Naan was editor-in-chief of Estonian Soviet Encyclopedia, the first edition of which started in the late 1960s. The encyclopedia was highly successful in Estonia.

In terms of political affiliations, Naan remained a staunch supporter of the Soviet system (initially an enthusiastic supporter of Perestroika though) and was a devout opponent of Estonia's pro-independence movement; Naan supported the (pro-Moscow) Internationalist Movement. Having gained much public support in the 1970s for his relatively bold opinion pieces on topics like family, the rising divorce rate (that he argued was more or less a normal development), morals and sex (the importance of which, he argued, was being downplayed out of pseudomoralistic argumentation), he soon became a despised figure for his anti-independence stance, which was reflected in his newspaper articles of the time (e.g. his article «С ног на голову» ('From (standing on) Feet to (standing on) Head', Estonian title "Kõik pea peale″), condemning the Estonian Sovereignty Declaration passed by the Supreme Soviet of the Estonian SSR, was published in Pravda, 23 November 1988.). He also published a number of articles where he either tried to downplay or rationalize Stalinist repressions. His stance almost led to his expulsion from the Academy of Sciences.

== Opinions on him ==
- Academician Jaan Einasto: "Naan had no illusions as to the Soviet reality."

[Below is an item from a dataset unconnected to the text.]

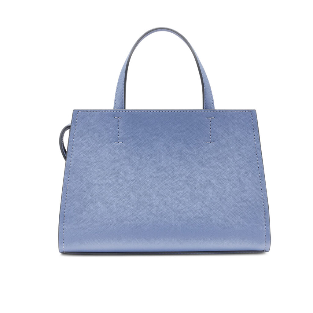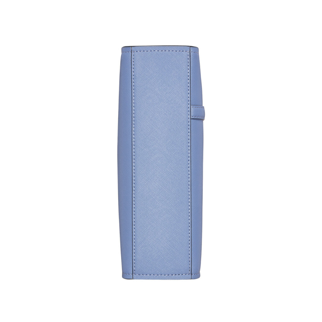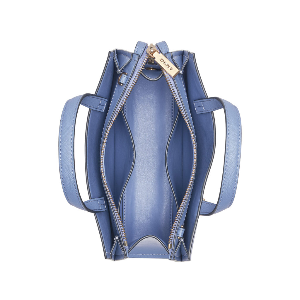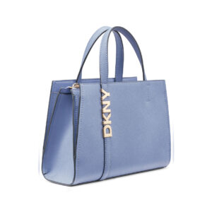 ASV modes zīmola DKNY neliela sieviešu rokassoma lavandas zilā krāsā. Izgatavota no stingra kompozītmateriāla ar dabīgās ādas pārklājumu un smalki rievotu struktūru. Papildināta ar diviem izturīgiem rokturiem un noņemamu plecu siksniņu. Akcentēta ar matētām zelta krāsas apdares un zīmola logotipa detaļām.

- Academician Erast Parmasto: "Gustav Naan was a man with a sharp mind and one with an even sharper tongue, a "self-made man", who had preferred to the party functionary's career a much calmer and congenial life of a scientist."

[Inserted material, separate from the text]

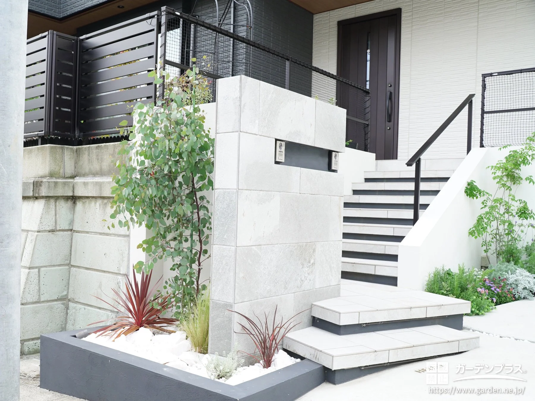新築の二世帯住宅の外構工事をご依頼いただきました。頑丈な擁壁に囲まれた敷地で、建物と道路面との間に大きな高低差がありましたので、ステップ数の多いアプローチ階段をファサードの主役としてプランニングしています。駐車スペースや全面道路からできるだけスムーズに階段を登れるように、最初のステップを建物に対して斜めに配置。門柱や周りの門柱や土留めは建物に対して垂直・平行なラインに揃えていますので、視覚的にも変化があり個性を感じられるデザインです。施主様がガーデニングがお好きとのことで、門まわりには植栽スペースも配置。緑が映えるように白をメインとしたモノトーンで、上品に仕上げた新築外構です。

- Academician Hans Trass: "How terrible, that a man, who could inspiringly write about the predominance of the mind over the power developed into a justificator of the reign of terror. Such a person is an example of a broken, deformed mentality, that was shaped by the Stalinist antihumanism and obedience to fear."
- Literary critic Vaapo Vaher: "Naan could be treated as a Soviet dandy, a Soviet Dorian Gray. ... During his days of glory the academician had on the local intellectual society an impression of some exotic creature ... Dorian Gray and his creator Oscar Wilde can be treated as marthyrs of esthetism, Naan was destroyed by the evil of dogmaticism. Add to this [his] personal vanity. His story could be treated as the occurrence of the good and the vice in the human being, it can be seen against the background of the mystery of Dr. Jekyll and Mr. Hyde."

== Bibliography ==
- "Dependence and opposition. Problems in Soviet Estonian historiography in the late 1940s and early 1950s" by Hain Rebas. In: Journal of Baltic Studies, Volume 36, Issue 4 Winter 2005, pages 423 – 448
- "Philosophy of science in Estonia" by Rein Vihalemm and Peeter Müürsepp. In: Journal for General Philosophy of Science, Volume 38, Number 1 / April, 2007, pp. 167–191.